Манящее благоуханье сгустилось чудесно,
Как будто бы в нем божество воплотилось телесно.

И не было для Ханумана родней аромата,
Чей зов уподобился голосу кровного брата:
«Пойдем, я тебе помогу разыскать супостата!»

Советник Сугривы последовал этим призывам
И вдруг очутился в покое, на редкость красивом.

С прекрасной наложницей Раваны мог бы, пожалуй,
Мудрец обезьяний сравнить златостолпную залу.

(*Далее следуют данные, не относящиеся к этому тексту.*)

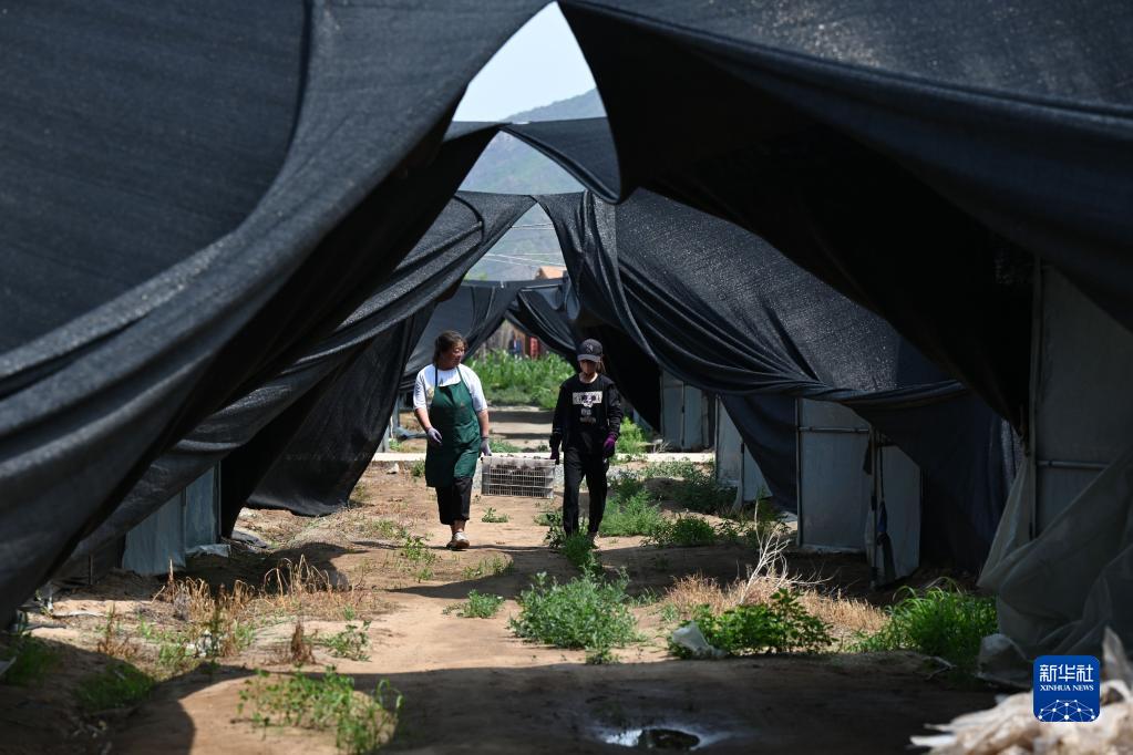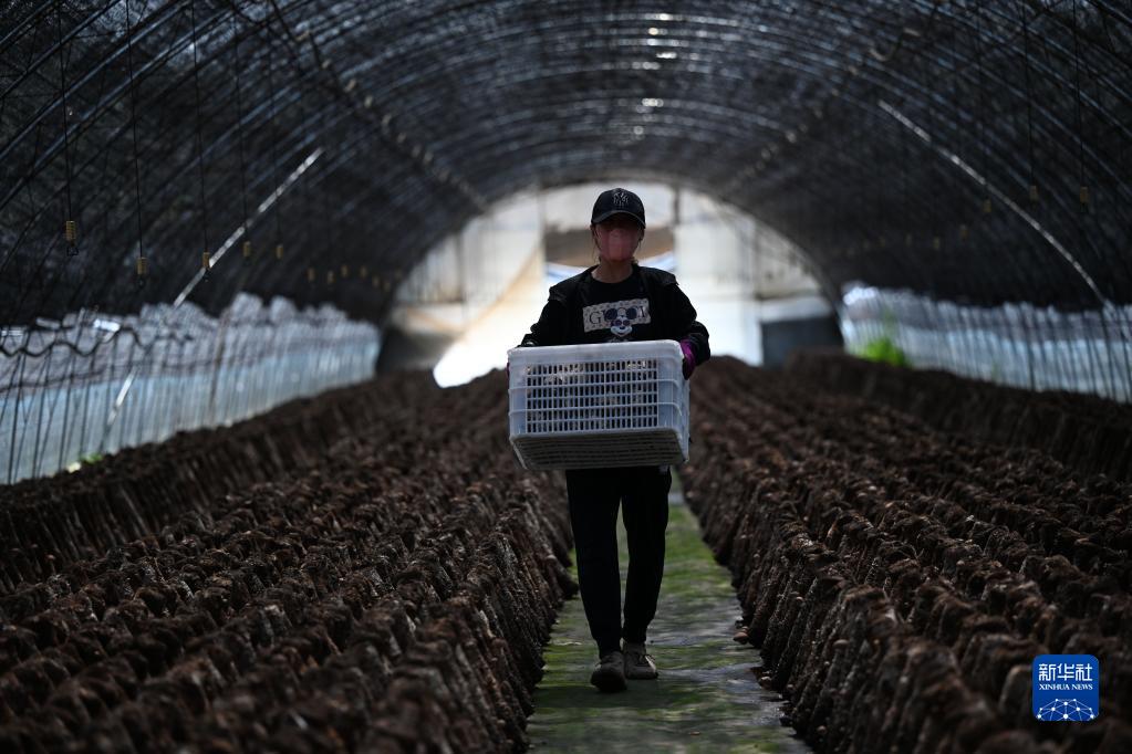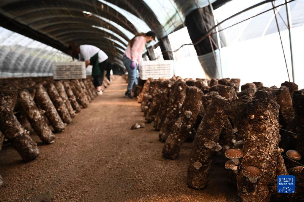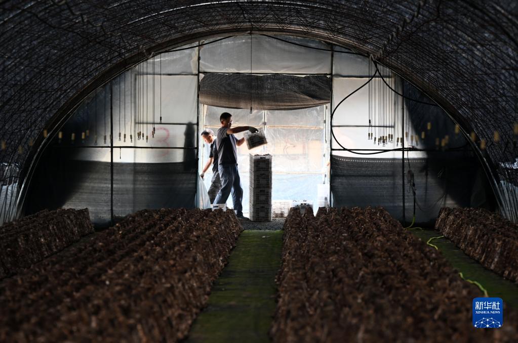 6月26日,農(nóng)民在隆化縣章吉營鎮(zhèn)一處食用菌大棚采摘香菇。
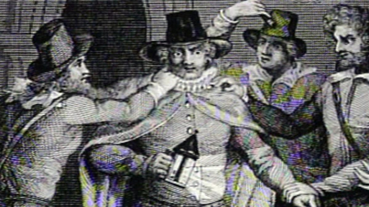 Story of the gunpowder plot of 1605 where Guy Fawkes and others set out to assassinate King James I by laying explosives under the Houses of Parliament in order to bring Catholicism back to the throne. Includes an assessment of the results of the plot, both long and short term.
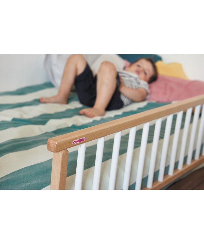 La barrière de lit pliante de Combelle permet de maintenir votre enfant en sécurité durant ses nuits mais aussi de rassurer maman qui n’a plus à s’inquiéter. Cette barrière de lit mesure 127 cm de longueur et 34 cm de largeur, sa hauteur s’élève à 35 cm. Celle-ci vous permet , dès ses 3 ans, de pouvoir le faire dormir sur un matelas junior sans aucun risque. Elle est disponible dans 8 coloris différents afin de satisfaire vos envies. La barrière de lit pliante de Combelle est fabriquée en France et en hêtre massif. Les parties de la barrière conçues en hêtre massif sont garanties 10 ans, les autres sont garanties 2 ans. La barrière de lit s’adapte à tous les lits et sommiers, même les sommiers à lattes.
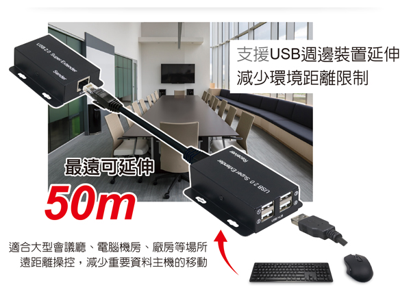 利用網路線,可以使USB2.0設備延伸約50公尺距離
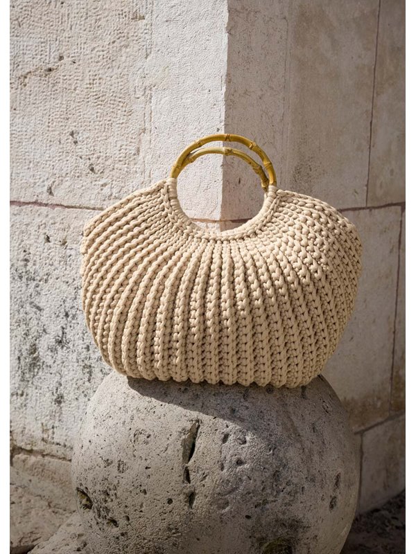 Lana Grossa The Tube (60 % Baumwolle, 40 % Nylon, Lauflänge 114 m/200 g), 600 g Beige (Fb 17); Häkelnadel Nr 9; 2 Bambus Taschengriffe, Durchmesser ca. 14 cm

Сверкали в хрустальных полах дорогие вкраплепья,
Резная слоновая кость, жемчуга и каменья.

С оглавьями крылообразными были колонны.
Казалось, парил в поднебесье дворец окрыленный.

Четвероугольный, подобно земному пространству,
Ковер драгоценный величья прибавил убранству.

Пернатыми певчими, благоуханьем сандала
Был полон дворец и его златостолпная зала.

Какой белизной лебединой сияла обитель,
Где жил пожирателей мяса единый властитель!

Дымились курильницы, пахли гирлянды, враждебный
Чертог был под стать Камадхе́ну — корове волшебной,

Способной сердца веселить, разрумянивать лица,
Как будто она исполненьем желаний доится!

И чувствам пяти был отрадой дворец исполинский.
Он их услаждал, убаюкивал их матерински!

«У Индры я, что ли, в обители златосиянной,
Иль в райском селенье? — подумала вслух обезьяна. —
Открылась ли мне запредельного мира нирвана?»

Златые светильники на драгоценном помосте
Склонились в раздумье, под стать проигравшимся в кости.

«Соблещет величие Раваны этим горящим
Светильникам и украшеньям обильно блестящим!» —
Сказал Хануман и приблизился к женщинам спящим.

Их множество было, с небесными девами схожих.
В роскошных одеждах они возлежали на ложах.

Полночи для них протекло в неуемном веселье,
Покуда красавиц врасплох не застигло похмелье.

Запястья, браслеты ножные на сборище сонном
Затихли и слух не тревожили сладостным звоном.

Так озеро, полное лотосов, дремлет в молчанье,
Пчела не жужжит, лебединое смолкло ячанье.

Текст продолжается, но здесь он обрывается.